THURSDAY, Nov. 21, 2019 (American Heart Association News) -- The night she turned 37, Barbara Jackson put her 2-year-old daughter Olivia Copeland to bed and walked to the kitchen. She felt a little odd but didn't think much of it.
The next thing Barbara remembers, she was in the hospital. Doctors were telling her she was a rare survivor of cardiac arrest. Doctors also said they didn't know why it happened, leaving Barbara concerned it would happen again.
As she tried grasping it all, her then-husband filled in the gaps: He called 911, and the operator told him to perform CPR. He gave chest compressions for 12 minutes, until the paramedics arrived. Her face had turned blue. They considered declaring her dead but decided to keep trying because of Olivia; she had climbed out of bed and was watching.
Over her three weeks in the hospital, Barbara drifted in and out of a coma. She needed therapy to relearn how to use a knife and fork. Doctors also implanted a defibrillator to regulate her heartbeat.
Today, only about 1 in 10 people in the United States who suffer a cardiac arrest outside the hospital survive. When Barbara's heart stopped in 1997, the survival rate was closer to 5%.
Barbara lived in Florida but saw a specialist at Johns Hopkins Hospital when visiting her mom in Maryland six months later. That specialist diagnosed her with long QT syndrome, a disorder of the heart's electrical activity that is better understood now than in 1997. LQTS can cause irregular and dangerous heart rhythms, known as arrhythmias. These arrhythmias can be fatal if not treated.
Some people get LQTS from medical conditions or medications. However, it's often inherited, which meant Olivia might be at risk. That uncertainty – and a lack of information about LQTS in children – was stressful enough that Barbara and Olivia eventually moved to Maryland to be closer to Johns Hopkins.
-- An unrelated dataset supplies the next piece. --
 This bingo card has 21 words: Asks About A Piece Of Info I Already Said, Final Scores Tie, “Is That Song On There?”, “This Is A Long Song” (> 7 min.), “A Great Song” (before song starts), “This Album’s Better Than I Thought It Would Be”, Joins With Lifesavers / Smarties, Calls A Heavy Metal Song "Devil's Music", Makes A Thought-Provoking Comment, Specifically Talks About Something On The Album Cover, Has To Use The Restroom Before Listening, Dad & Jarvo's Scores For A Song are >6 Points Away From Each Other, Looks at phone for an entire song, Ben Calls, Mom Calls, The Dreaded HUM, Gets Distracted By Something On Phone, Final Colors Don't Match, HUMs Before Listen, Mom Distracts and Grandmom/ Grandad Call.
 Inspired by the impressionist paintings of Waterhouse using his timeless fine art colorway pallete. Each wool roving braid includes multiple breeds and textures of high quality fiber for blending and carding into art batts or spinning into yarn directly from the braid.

"Diagnosis is important because with this type of LQTS (type 3), people tend to die in their sleep," Barbara said. She worried about this every night when putting Olivia to bed.
By the time Olivia was 11, genetic testing was advanced enough to confirm she indeed had LQTS. While someone with LQTS may never have an arrhythmia episode, Barbara didn't want to take any chances. She scheduled Olivia for surgery to implant a defibrillator.
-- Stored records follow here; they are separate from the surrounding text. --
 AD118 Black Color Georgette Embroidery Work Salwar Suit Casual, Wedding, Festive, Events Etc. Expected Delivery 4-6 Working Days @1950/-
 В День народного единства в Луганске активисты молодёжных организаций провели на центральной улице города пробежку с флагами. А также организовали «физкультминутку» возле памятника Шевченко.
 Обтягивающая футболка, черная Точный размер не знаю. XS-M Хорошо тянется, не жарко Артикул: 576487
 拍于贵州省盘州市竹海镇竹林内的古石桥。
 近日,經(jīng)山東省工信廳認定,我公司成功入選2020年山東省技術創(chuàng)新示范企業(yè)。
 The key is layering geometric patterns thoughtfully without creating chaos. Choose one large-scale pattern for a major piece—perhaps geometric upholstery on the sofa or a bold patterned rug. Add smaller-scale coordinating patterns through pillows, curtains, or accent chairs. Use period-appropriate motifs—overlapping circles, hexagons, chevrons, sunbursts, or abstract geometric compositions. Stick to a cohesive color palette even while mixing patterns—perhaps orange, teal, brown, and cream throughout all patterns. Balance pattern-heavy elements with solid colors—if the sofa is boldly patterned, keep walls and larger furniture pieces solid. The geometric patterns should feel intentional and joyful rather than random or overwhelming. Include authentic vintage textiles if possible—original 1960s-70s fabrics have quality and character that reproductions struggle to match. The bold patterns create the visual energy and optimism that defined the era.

Olivia remembers the surgery being scary. Her classmates teased her for having a box in her chest. Kids wouldn't invite her to sleepovers, as their parents feared a heart problem on their watch.
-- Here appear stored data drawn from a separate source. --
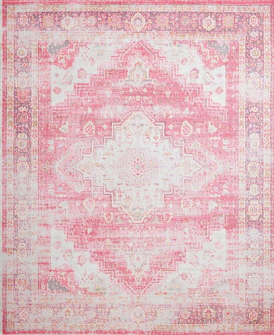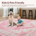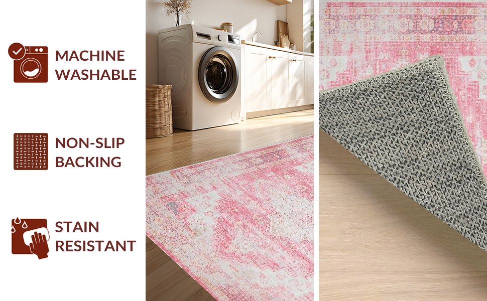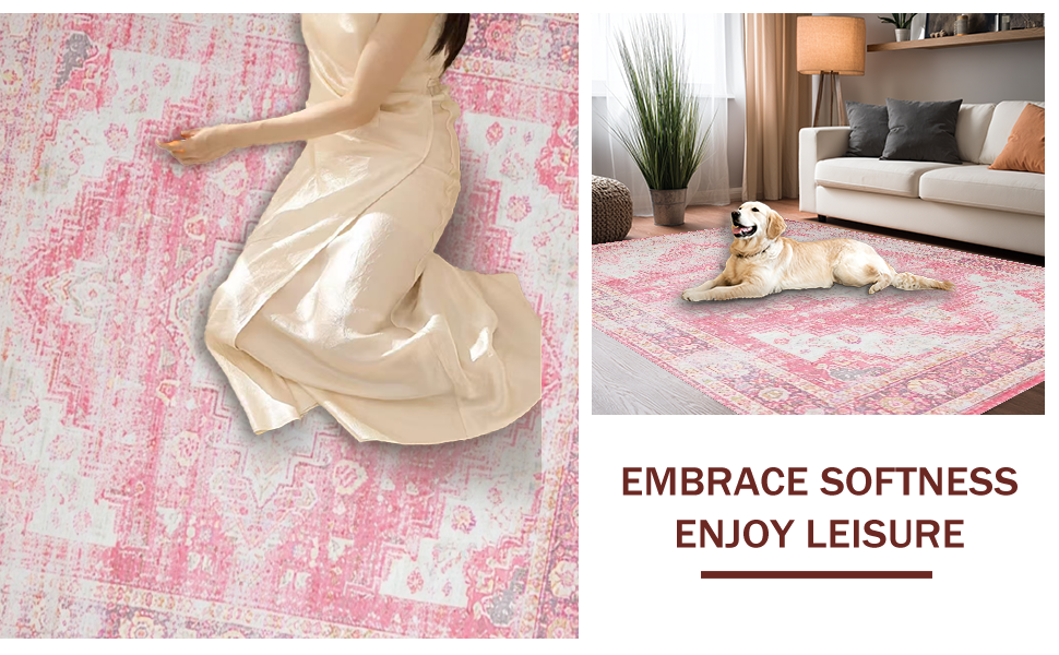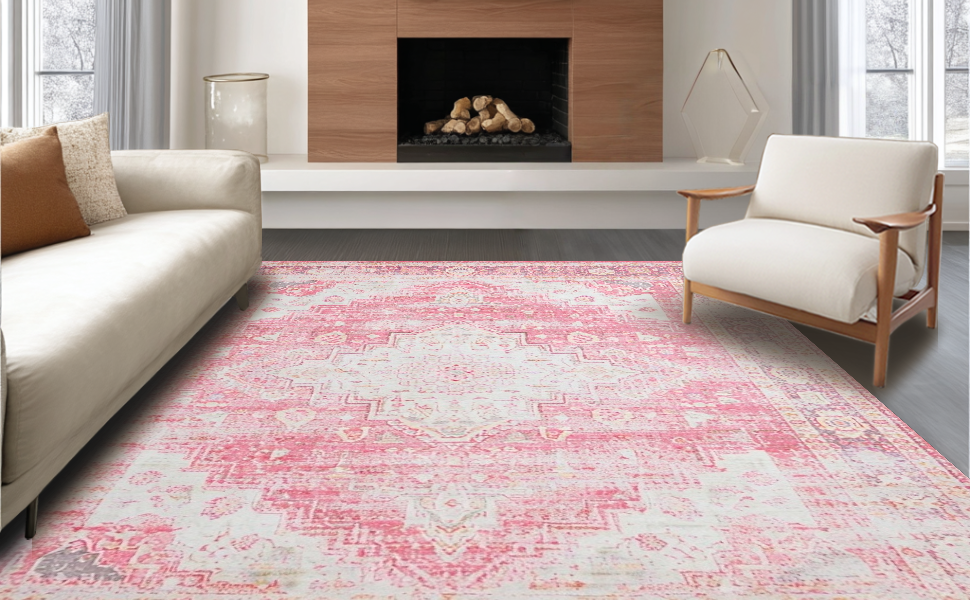Ultra Soft Area Rug, Non Slip, Stain Resistant, Washable Area Rugs for Living Room, Bedroom, Elegant Subdued Vintage Motif(Pink) Overview: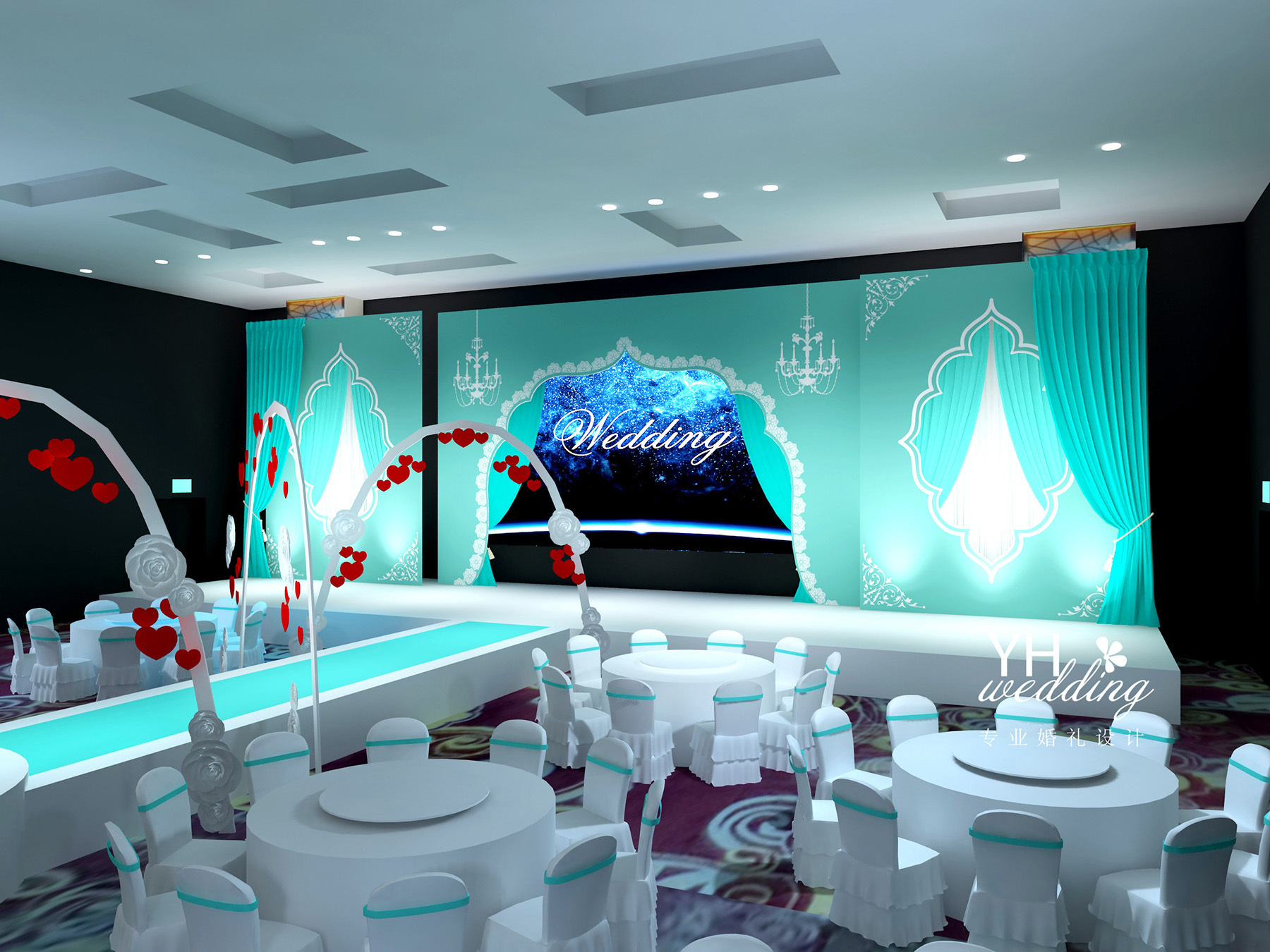 蓝色婚礼舞台布置效果图源文件psd源文件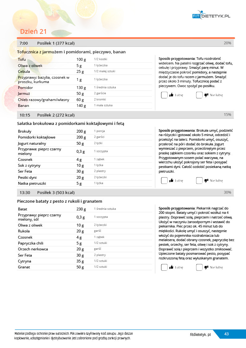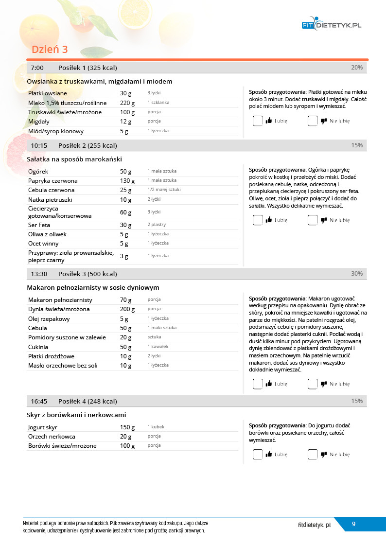 w formie propozycji posiłków (zamiast pojedynczych jadłospisów jednodniowych, przygotowano propozycje kilku propozycji dań na każdy posiłek). Tutaj nie uzależniamy Cię od tego jakie masz np. w danym dniu zjeść śniadanie czy obiad, tylko sam wybierasz sobie ulubione danie z kilku przedstawionych przez nas propozycji.

"It was a very lonely time for us," Barbara said.
A year later, Barbara and Olivia got the support they needed through the American Heart Association.
At 13, Olivia became the Heart Hero for the 25th annual Baltimore Heart Ball and relished the opportunity to talk to other children with heart issues.
Olivia, now 24 and living in Florida, can't skydive or scuba dive because of her defibrillator – "I wouldn't do that anyway," she said. But she does compete in mud runs, which involves racing and conquering large obstacles such as scaling rope nets, traversing monkey bars and climbing over walls. Those with genetic forms of LQTS are encouraged to live an active life and exercise, but not to exercise alone, Barbara said.
In addition to telling others to reach out for support if diagnosed with a heart issue, Barbara encourages people to advocate for their own heart health and to know CPR.
She tells people to pay attention to any signs of heart issues, such as chest pain, fainting for no reason or a racing heart. "You can't test long QT on a deceased person."